Obama outlines budget-cutting agenda at press conference

In what was billed as the last press conference of his first term, US President Barack Obama laid out an agenda for his next term that will be focused on slashing hundreds of billions of dollars from federal health care and retirement programs, including Medicare and Social Security.

Obama employed a heavy dose of demagogy, seeking to present his administration as an opponent of Republican demands for austerity. In fact, differences between the two parties center largely on tactical disagreements over the precise mechanism by which cuts will be imposed.

The bulk of the press conference was focused on threats from House Republicans to refuse to raise the US debt limit without an agreement on huge spending cuts. The debt ceiling, which is due to be breached sometime next month, must be raised by Congress. If Congress does not do so, the federal government will be unable to pay some of its bills.

In 2011, both the Democrats and Republicans utilized a debt ceiling crisis—which resulted in the decision by Standard and Poor's to downgrade US debt—to push through major austerity measures.

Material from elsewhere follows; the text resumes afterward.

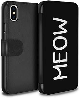 Handy Hülle Tasche kompatibel mit Apple iPhone X/10 Niedliche Cartoon-Katze MIAU/Schwarz Flip PU Leder Case Cover
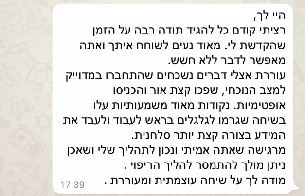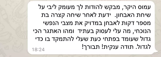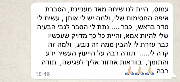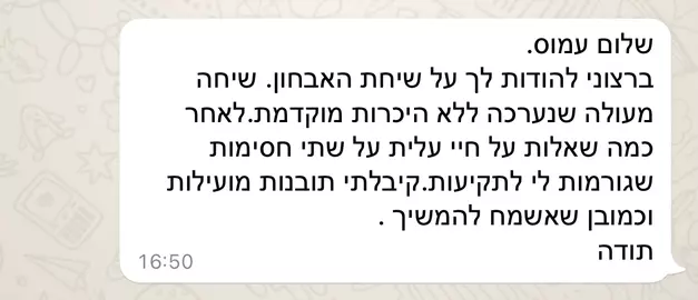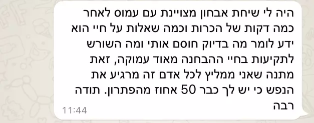 מכיוון שפיתחתי יכולת לאבחן בתוך רגעים בודדים החלטתי לתת את שיחת האבחון הזו לזמן מוגבל ולמספר אנשים מצומצם ב-מ-ת-נ-ה.

These included several of the components of the “fiscal cliff.” At the beginning of the New Year, Obama reached an agreement with Republicans to extend most tax cuts that were part of the cliff, while delaying automatic spending cuts for two months.

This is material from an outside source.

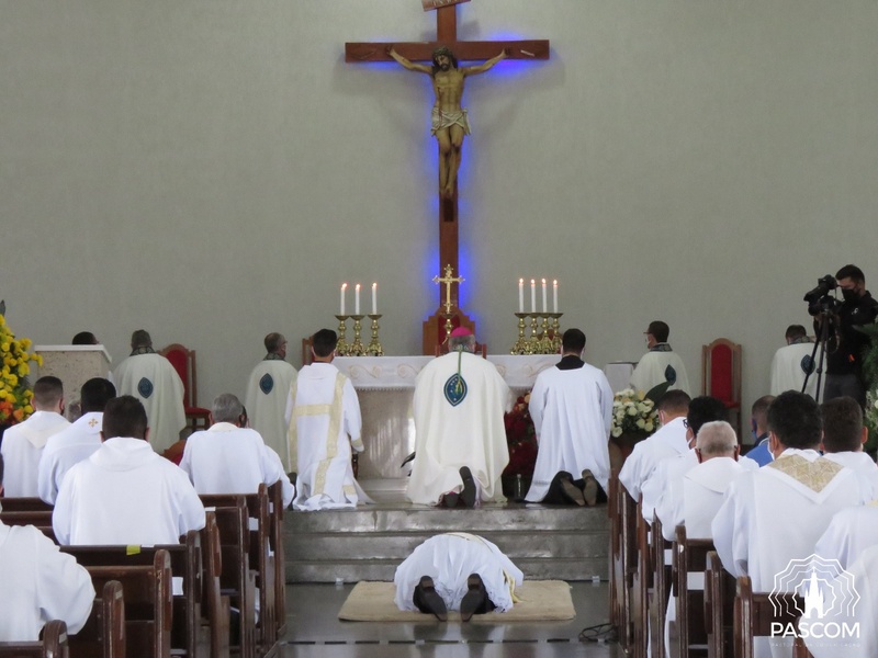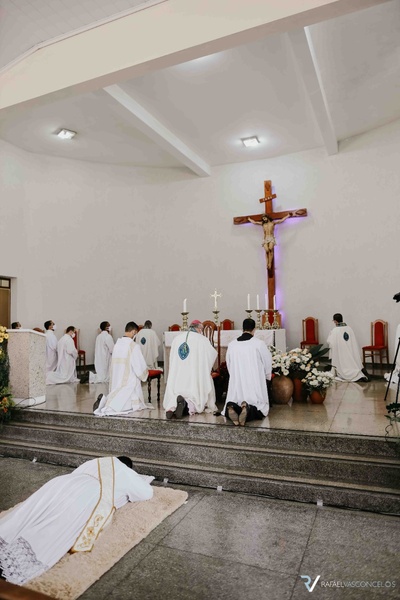 Ainda durante o ritual de ordenação, se colocou diante do bispo para reafirmar seu propósito e prostrou como sinal de total entrega e disposição ao projeto assumido, enquanto a comunidade cantava a ladainha dos santos.

In insisting that the debt ceiling not be used as a “bargaining chip,” Obama is expressing the concerns of dominant sections of the ruling class that doing so could imperil confidence in the US dollar and American debt.

“While I’m willing to compromise and find common ground over how to reduce our deficits” Obama insisted, “America cannot afford another debate with this Congress about whether or not they should pay the bills they’ve already racked up.” He added, “Let’s give our businesses and the world the certainty that our economy and our reputation are still second to none.”

The preference of the Obama administration is that Republicans and Democrats work out, separately from the debt issue, major cuts in entitlement programs, along with “comprehensive tax reform,” which would involve the lowering of corporate and income tax rates and the elimination of some deductions.

As a model, Obama held up his “grand bargain” framework with House Republican Speaker John Boehner discussed in 2011 and revived at the end of last year.

The discussions with Boehner reportedly revolved around some $900 billion in spending cuts. Specific measures included raising the retirement age for Medicare eligibility from 65 to 67 and reducing cost-of-living increases for Social Security. These measures, which are in fact only the beginning of the cuts that are being planned, will lead to fewer elderly people with health insurance and an increase in poverty among retirees.

Spelling out the bipartisan agenda, Obama said at the press conference, “If the goal is to make sure that we are being responsible about our debt and our deficit—if that’s the conversation we’re having, I’m happy to have that conversation. And by closing some additional loopholes through tax reform, which Speaker Boehner has acknowledged can raise money in a sensible way, and by doing some additional cuts, including making sure we are reducing our health care spending, which is the main driver of our deficits, we can arrive at a package that gets things done.”

Obama referred to the huge cuts in health care in typical Orwellian language as “modest adjustments to programs like Medicare to protect them for future generations.”

In the same breath that he proposed cuts in these very programs, Obama criticized Republicans for seeking to “cut commitments that we’ve made on things like Medicare or Social Security or Medicaid.”

The changes to Social Security, which already pays retired workers far below what is required to meet expenses, would be particularly devastating. Major cuts in benefits are to be pushed through by altering inflation calculations to reduce the annual cost of living adjustment (COLA).

In a recent editorial criticizing this proposal (while at the same time insisting that changes in Social Security can and must be made), the New York Times noted that “the administration appears to have embraced [the change] as a worthy end in itself”—that is, that the cuts are almost certain to be included in any agreement. Altering the inflation formula, the Times noted, would “reduce benefits by some $135 billion over 10 years, and far more in later decades.” This would all come directly from the income of retired workers.

The framework of the agreement that the administration hopes to reach was also made clear by the nomination of Jacob Lew, Obama’s chief of staff, to be treasury secretary. Lew, a former Wall Street executive, was the key Obama administration negotiator during the discussions over the “grand bargain” in 2011.

The thoroughly cynical posturing of the Obama administration cannot conceal the fact that in the past and current “debates” over the deficit, both the Democrats and Republicans are entirely agreed on the most basic issue: that while the corporate and financial elite pulls in record profits, the working class must be made to pay for the capitalist crisis through a drastic reduction of its living standards.